Du reste, à dater de ce jour, j’eus l’honneur d’être admis, deux et même trois fois par semaine, à la table de notre Résident, qui, ma foi ! je dois le dire en passant, était excellente, attendu que M. Le Myre de Vilers avait amené de France un parfait cuisinier avec deux aides, plus des cargaisons de conserves de premier choix, ce qui est fort utile dans un pays où les ressources culinaires sont très bornées. J’avoue que je n’étais pas fâché de me refaire un peu ainsi des longues privations que m’avait fait éprouver la mauvaise cuisine à laquelle j’avais été réduit depuis mon arrivée à Tamatave.
Je dirai tout de suite que, avant de quitter Tananarive, j’allai prendre congé de l’évêque.

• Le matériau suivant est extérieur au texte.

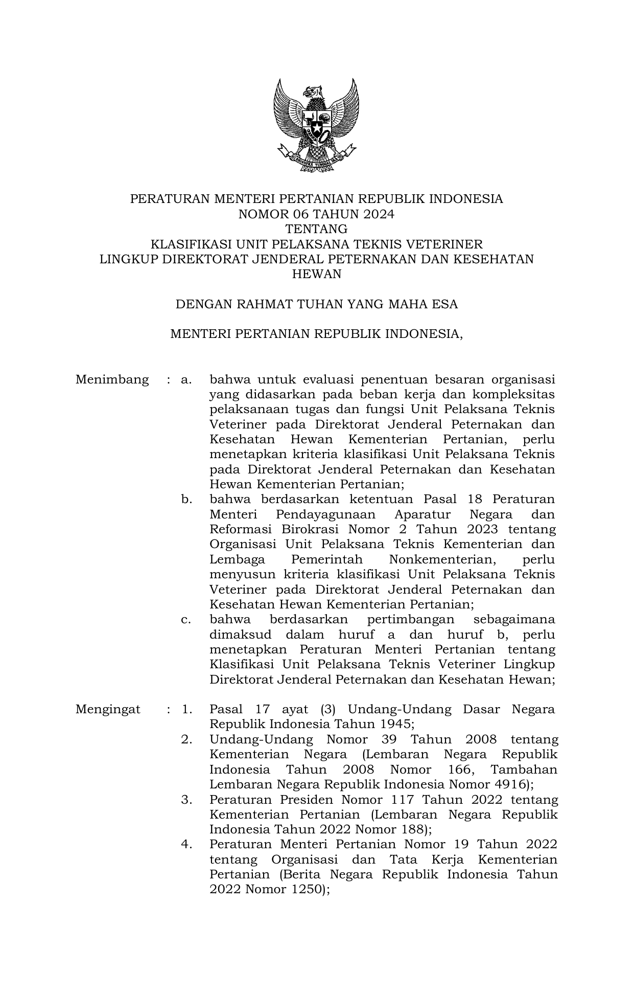 PERMEN Nomor 06 Tahun 2024 | Peraturan Menteri Nomor 06 Tahun 2024 tentang Klasifikasi Unit Pelaksana Teknis Veteriner Lingkup Direktorat Jenderal Peternakan dan Kesehatan Hewan

Cet excellent homme, qui était de l’Ariège, me remit alors sa carte, sur laquelle il avait écrit quelques lignes, contenant les attestations les plus flatteuses au sujet des services que j’avais rendus, là-bas, aux représentants de la religion catholique, pour que je la fisse passer au cardinal Deprez, archevêque de Toulouse. J’avoue que je n’ai jamais remis cette carte et que je l’ai toujours en ma possession.
Après cette visite de l’évêque, je me rendis chez M. Le Myre de Vilers et je le mis au courant de mon entrevue du matin, le priant de vouloir bien me tracer la ligne de conduite que je devrais suivre dans les entretiens que je pouvais encore avoir avec la reine et avec le Premier Ministre, et de m’indiquer les points principaux sur lesquels je devais insister pour ne pas m’écarter de ses vues. Ce que je désirais, ce n’étaient pas des pouvoirs écrits, mais une parole – je savais que je pouvais compter sur celle de M. Le Myre de Vilers – qui me permît de croire que je ne serais pas désavoué dans le rôle que je me trouvais appelé à jouer. M. Le Myre de Vilers me la donna, et nous convînmes, à mon instigation, que je laisserais croire à la reine et au Premier Ministre que la politique de notre Résident n’était pas la mienne, et que même il n’y avait que des considérations de convenance qui m’obligeassent à paraître bien avec lui. J’avais jugé prudent d’agir ainsi, sachant en quelle défiance le Premier Ministre tenait M. Le Myre de Vilers.
Celui-ci approuva ma manière de voir. II fut arrêté entre nous qu’il me donnerait toutes les instructions qu’il jugerait convenables à l’accomplissement de ses projets, et que, du reste, il recevait lui-même du Ministère des Affaires étrangères de France. Cela me permettrait de mieux m’y reconnaître dans ce labyrinthe politique où les plus habiles, les Talleyrand-Périgord eux-mêmes, se sont égarés.